IFA-1 encodes an essential intermediate filament protein that is coexpressed with the essential IF protein IFB-1; IFA-1 is required for survival past the L1 larva stage, and a normal intestine; IFA-1 forms heteropolymeric intermediate filaments in vitro with an equimolar mixture of IFB-1; IFA-1 is predicted to function as a structural component of the cytoskeleton, and is required for larval development and normal intestinal morphology; ifa-1 is expressed in amphid sensory neurons, in tail neurons and other unidentified neurons, some pharyngeal muscles, the pharyngeal-intestinal valve, the vulva, and the rectum.
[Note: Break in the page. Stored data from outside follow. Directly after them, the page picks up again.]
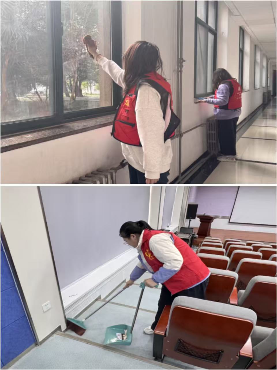 活动现场,志愿者们身着统一红色志愿马甲,分工协作、秩序井然。他们手持扫帚、抹布、拖把等工具,对公共区域进行了全方位细致清理。志愿者们不放过任何一个卫生死角,尽管春寒料峭,但大家热情高涨,干劲十足,红色身影穿梭在楼宇间,成为校园里一道亮丽的风景线。经过一个多小时的辛勤劳动,教二楼窗明几净,环境焕然一新。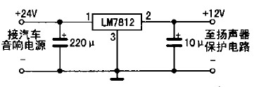 具體制作如下:先把功放輸出端與音箱的引線切斷,按圖2所示電路將引線頭a、b分別接功放的兩組輸出端,c、d分別接左、右聲道音箱:揚(yáng)聲器保護(hù)電路的電源只能從收放機(jī)中獲取,不可直接從汽車(chē)12 v電源中獲取,否則不起開(kāi)/關(guān)機(jī)保護(hù)作用;若是柴油車(chē)所配置的收放機(jī)(使用24 V電源),則要求增加一個(gè)降壓電路(見(jiàn)圖3所示),給揚(yáng)聲器保護(hù)電路供電,以免電源電壓過(guò)高損壞IC。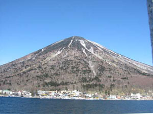 中禅寺湖と男体山・吹雪くこともなく穏やかな天気であった。(ここ数日、前日までは吹雪いていたとのこと)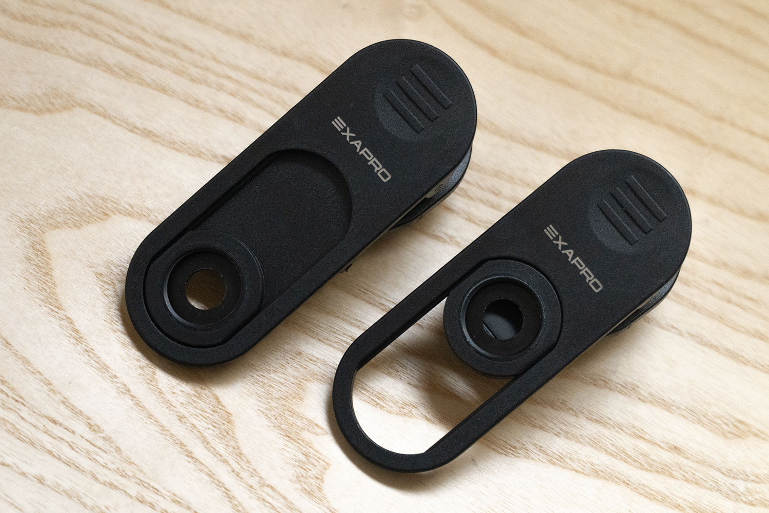 「EXAPRO クリップレンズ」の装着方法は、とても簡単です。どのレンズにも共通のクリップが付属していて、クリップのレンズを付ける位置は上下にスライドします。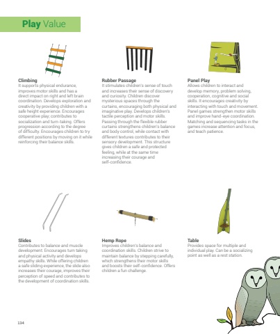 134Panel PlayAllows children to interact and develop memory, problem solving, cooperation, cognitive and social skills. It encourages creativity by interacting with touch and movement. Panel games strengthen motor skills and improve hand-eye coordination. Matching and sequencing tasks in the games increase attention and focus, and teach patience. Play ValueClimbingIt supports physical endurance, improves motor skills and has a direct impact on right and left brain coordination. Develops exploration and creativity by providing children with a safe height experience. Encourages cooperative play; contributes to socialization and turn-taking. Offers progression according to the degree of difficulty. Encourages children to try different positions by moving on it while reinforcing their balance skills. Rubber PassageIt stimulates children%u2019s sense of touch and increases their sense of discovery and curiosity. Children discover mysterious spaces through the curtains, encouraging both physical and imaginative play. Develops children%u2019s tactile perception and motor skills. Passing through the flexible rubber curtains strengthens children%u2019s balance and body control, while contact with different textures contributes to their sensory development. This structure gives children a safe and protected feeling, while at the same time increasing their courage and self-confidence. SlidesContributes to balance and muscle development. Encourages turn taking and physical activity and develops empathy skills. While offering children a safe sliding experience, the slide also increases their courage, improves their perception of speed and contributes to the development of coordination skills.Hemp RopeImproves children%u2019s balance and coordination skills. Children strive to maintain balance by stepping carefully, which strengthens their motor skills and boosts their self-confidence. Offers children a fun challenge.TableProvides space for multiple and individual play. Can be a socializing point as well as a rest station.

Predicted to be a structural constituent of cytoskeleton. Predicted to be involved in cellular localization; heterochromatin formation; and nucleus organization. Located in intermediate filament. Expressed in several structures, including egg-laying apparatus; excretory cell; neurons; pharyngeal-intestinal valve; and pharynx. Human ortholog(s) of this gene implicated in partial lipodystrophy; primary autosomal recessive microcephaly; and progressive myoclonus epilepsy 9. Is an ortholog of human LMNB2 (lamin B2).
Map position created from combination of previous interpolated map position (based on known location of sequence) and allele information. Therefore this is not a genetic map position based on recombination frequencies or genetic experiments. This was done on advice of the CGC.